President of the Constitutional Court of Niger
- In office 2007–2009

= Salifou Fatimata Bazeye =

Nigerien jurist and former magistrate

Salifou Fatimata Bazèye, also known as Fatoumata Bazèye and Fatoumata Bazaî, is a Nigerien jurist, former magistrate, head of the Supreme Court of Niger and from 2007 to 2009 President of the Constitutional Court of Niger. Her court's rulings on the constitutional revisions planned by then President of Niger Mamadou Tandja, led to her extra-constitutional dismissal and a heightening of the 2009–2010 Nigerien constitutional crisis. Following the 2010 Nigerien coup d'état, she was named head of the transitional Constitutional Court of Niger.

==Background==
Born in 1951 in Dosso, Bazaye received her legal training in France at the Ecole Nationale de la Magistrature de Paris. Bazeye is married to a government official and a mother of several children. She returned to Niger as a Magistrate, and came to political prominence in 2005 when, as a member of the Supreme Court, she refused a government motion to transfer Magistrates who were on strike. Despite this, she was nominated for one of the seats on the constitutional court reserved for jurists in 2007, and accepted by the government. She was then elected President of the court by its members.

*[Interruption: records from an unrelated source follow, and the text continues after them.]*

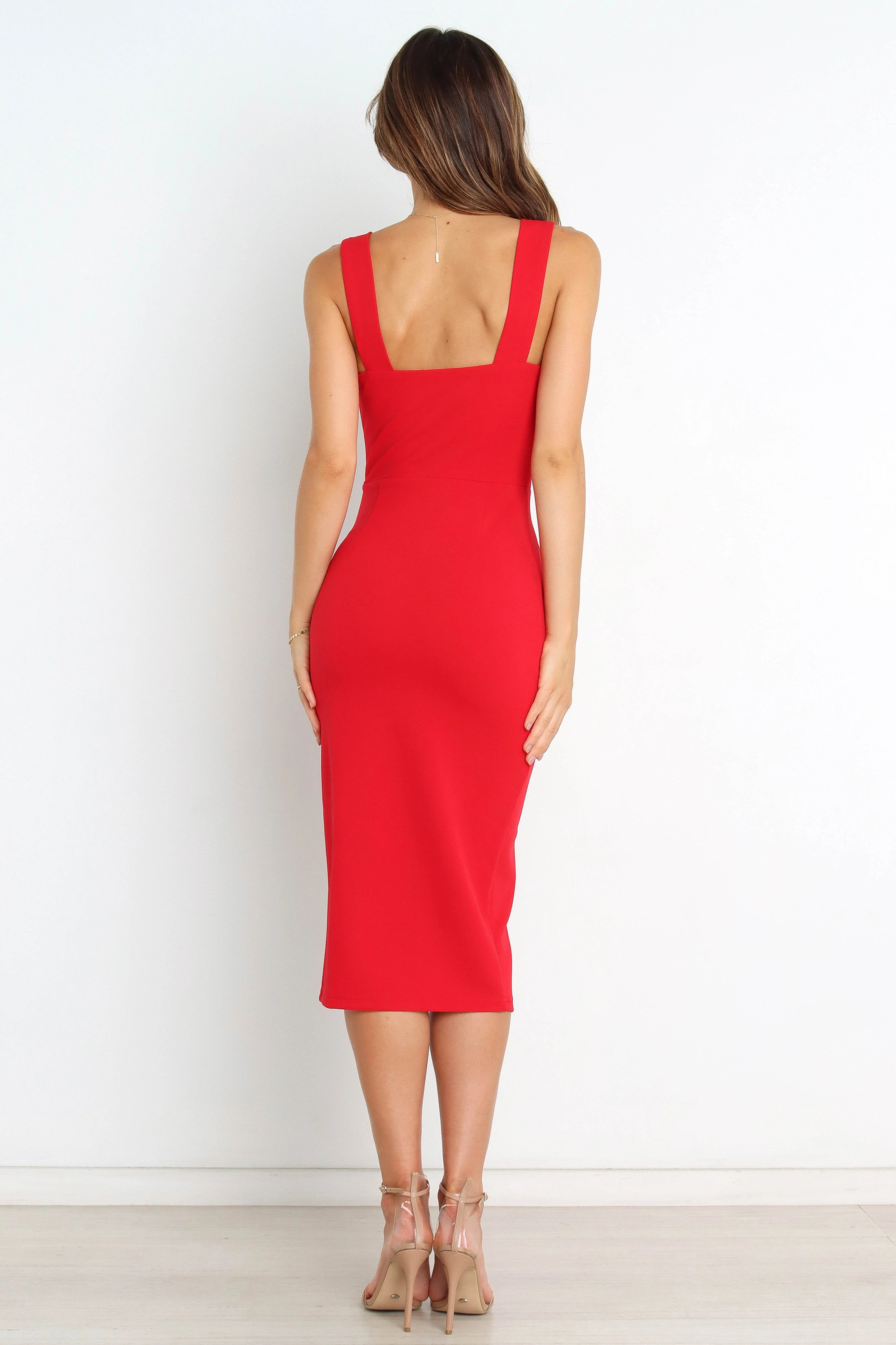 DETAILS The Hyatt Dress is perfect for any special occasion. The style falls to a midi length with a front slit, creating a stunning silhouette that is sure to turn heads. Pair it with your favorite heels and purse!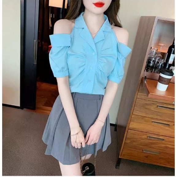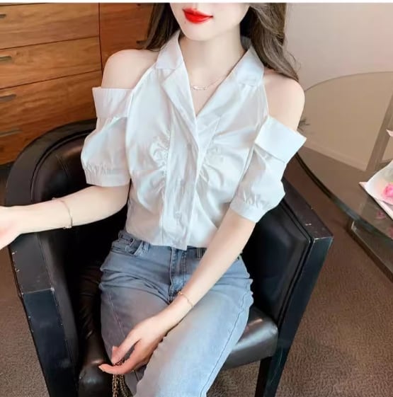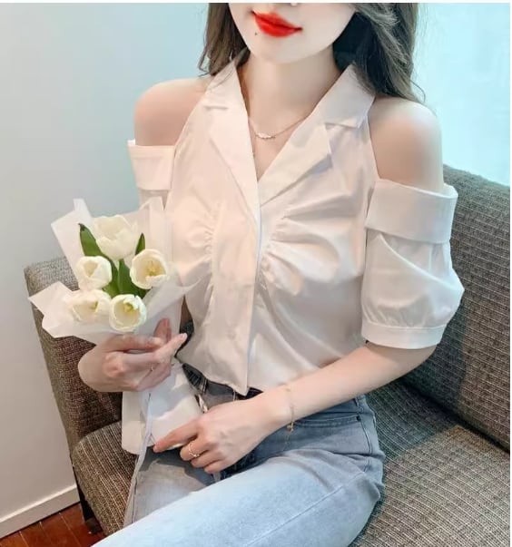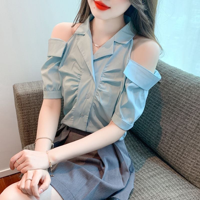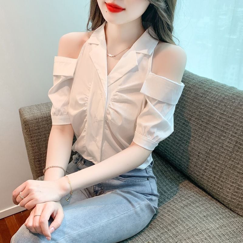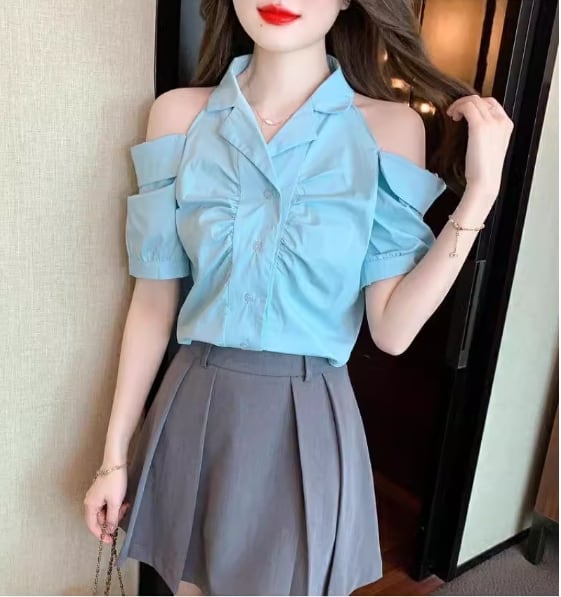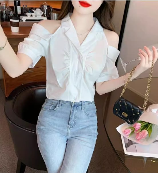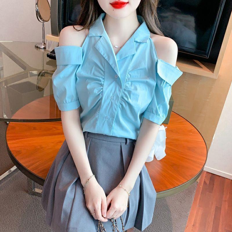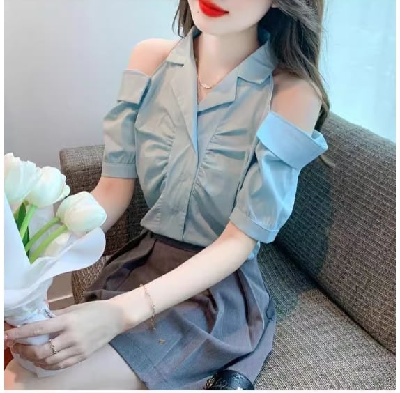 美人度アップ 上質エレガント 肩開き 半袖シャツ 半袖シャツ<ins-8213>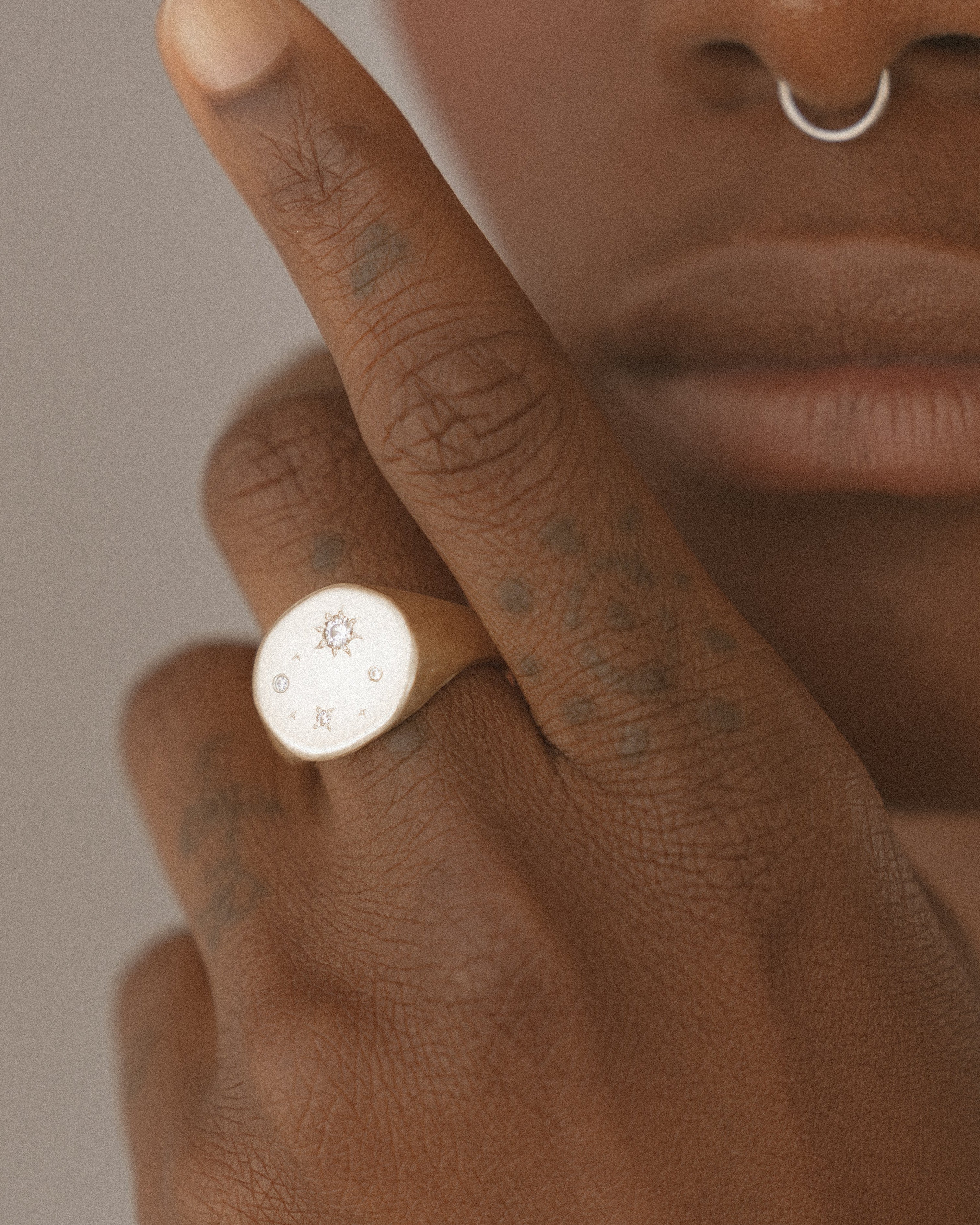 The starry night signet is a statement molten gold disc reminiscent of a golden night sky, featuring four scintillating Diamonds or Moissanites surrounded by hand-engraved 4-point stars.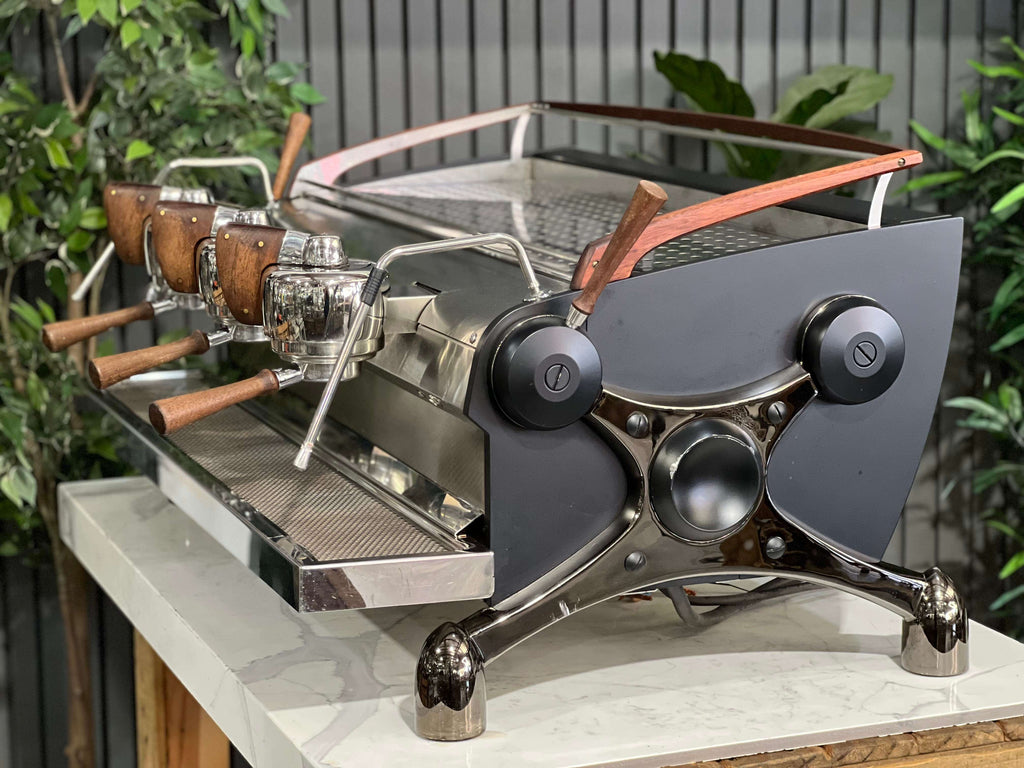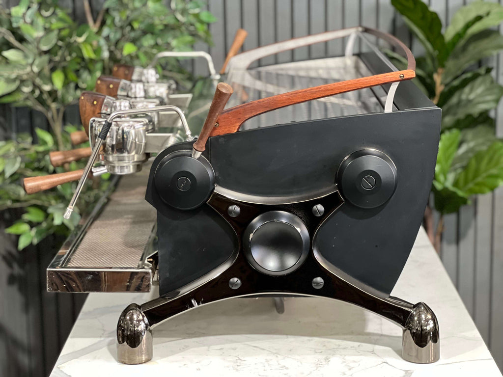 Slayer is one of the leaders of the espresso machine industry and the Slayer Espresso is a top performer with an eye-catching design that continually produces high-quality espresso, shot after shot and this particular machine clearly demonstrates this with its black & stainless body and beautiful timber accents. As an added benefit, this machine comes equipped with a multi boiler system that continually ensures temperature stability and steam production. It is equipped with a large 12L steam boiler and 3 x 1.2L brew boilers, for each group head. These features paired with steam levers and manual paddle brewing ensures that your barista has full control over producing fantastic coffee. Not only does this beautiful Slayer Espresso machine look amazing on the bench, but it also works like a dream.

==2009 Constitutional crisis==
In 2009, she led the court in two unanimous decisions opposing President of Niger Mamadou Tandja's move to hold a referendum to retire the Constitution of Niger and remain in office while a new constitution was drafted. The first (non binding) decision, presented on 26 May 2009, triggered the President's dismissal of the National Assembly while a further binding decision was delivered on 12 June. President Tandja subsequently carried out his plans for a new constitution and dismissed the Constitutional Court. In February 2010 he was overthrown by military coup, with power handed back to a civilian government in 2011.

==Seventh Republic==
Following the 2010 Nigerien coup d'état and the fall of Mamadou Tandja, Ms. Bazèye was named by the transitional Supreme Council for the Restoration of Democracy (CSRD) to head the 11 member Constitutional Council, a consultative High Court during the transition to the Nigerien Seventh Republic.

In December 2011 the Nigerian newspaper publishers of the Daily Trust awarded Ms. Bazèye its 4th annual "African of the Year" award for her "track record as an incorruptible judicial officer."